Thanks for that question. We were actually both those questions. Regarding the profile of KPL 3, 7, what we're looking for in the dose focusing portion of the trial is to select the dose that we'll use in the pivotal portion of the trial. And so in that sense, the ability to treat the acute flare as it happens and then prevent the subsequent flare is really the profile that we established with our list. And that we're looking for similar profile, if you will, with regard to the KPL 3, 7, efficacy. So once we selected that dose, we then carry that forward into the randomized withdrawal portion, pivotal section of the trial, which bears remarkable similarity in terms of its design, in terms of the endpoints that we have structured. And so at that point, it will be data driven in terms of what the actual profile of KPL 3, 7 is. But we're very confident in the study design as being able to show the strength of KPL 3, 7 and its target profile of one monthly dose. Regarding the second question of 1161, at this point, we've not announced any specific indication. We realize that there's broad potential of having an IL-1 alpha, IL-1 beta inhibitor pathway inhibition, if you will, that has a target profile of dosing every three months. And so that really opens the possibility of a range of chronic lifelong diseases that are auto-inflammatory. So we'll continue to do that work. But in the meantime, our focus is on the IND-enabling studies so that we can begin the first in-human study as soon as possible. Thank you so much. Thank you.

Thank you. And our next question comes from the line of David Nearinggarden from Wedbush Securities. Your question, please.
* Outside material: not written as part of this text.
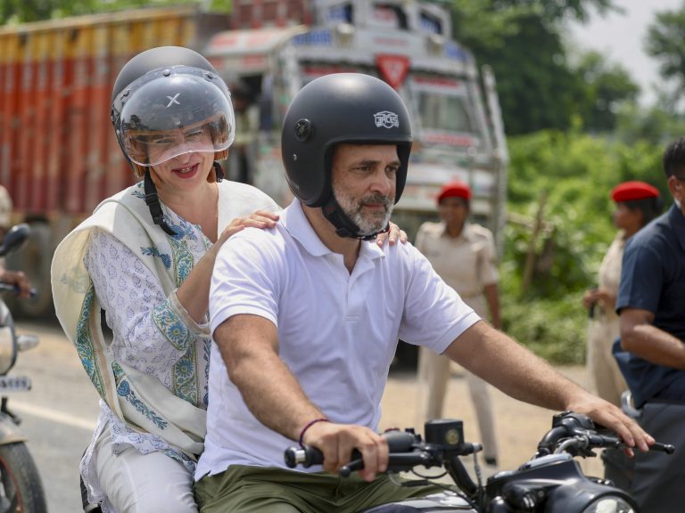 മുതിർന്ന കോൺഗ്രസ് നേതാവ് പ്രിയങ്കാ ഗാന്ധി വാദ്ര സഹോദരന്റെ മോട്ടോർ സൈക്കിളിൽ യാത്ര ചെയ്യുന്നത് കണ്ടു. അവരെ സ്വാഗതം ചെയ്യാൻ ആളുകൾ തെരുവുകളിൽ അണിനിരന്നു.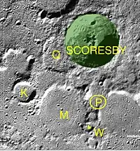 Por convención estos elementos son identificados en los mapas lunares poniendo la letra en el lado del punto medio del cráter que está más cercano a Scoresby.

Thanks for taking the question. I had two and maybe one is kind of a follow-up to the last one. But is there any specific kind of efficacy boundaries that you're looking for out of the 387 study? So, of course, ARCLA showed a near 100% drop off in recurrences. Is that the kind of efficacy bar we should be thinking about or could it be a little bit lower because of the more convenient dosing? And then I had another question on just emerging competition. There's a potential oral competitor out there that's going to report out data. This half, is there any thinking on that or any thoughts on how we should think about the potential competition emerging?

Thanks. Thanks, David. Appreciate the questions. So, regarding the efficacy profile in the phase two studies, the dose focusing portion, we're really looking across a range of different dose levels in order to understand the performance characteristics of KPL387. And so, in that sense, we intend to use the totality of the data in order to define the dose level that we'll take forward. So, at this point, it's a little early to describe exactly what the expectation is precisely, but rather to say that I think this will be a very informative study based upon its design that will help us optimize the performance of the drug. Regarding competition that's on the horizon, we remain the leaders in the space of recurrent pericarditis for the reason that we have really done the deep work in understanding the mechanism of this disease. And we've identified the fact that IL-1 alpha and IL-1 beta inhibition is a critical element for maintaining control of the disease and important fact to be able to maintain control of the disease as monotherapy. And so, we continue to look with interest to see other data as they emerge, but understanding those, shall we say, those mechanisms will have to define themselves in the context of the fact that, as I mentioned, we understand that complete control of the disease requires control of both. Thank you.

Thank you. And this does conclude the question and answer session of today's program. I'd like to hand the program back to Sanj Patel for any further remarks.

Thank you, Operator, and thanks everybody for the questions and joining the call today. We look forward to the remainder of the year and to providing additional opportunities and updates in the future. So, very excited and thank you very much.

Thank you, ladies and gentlemen, for your participation in today's conference. This does conclude the program. You may now disconnect. Good day.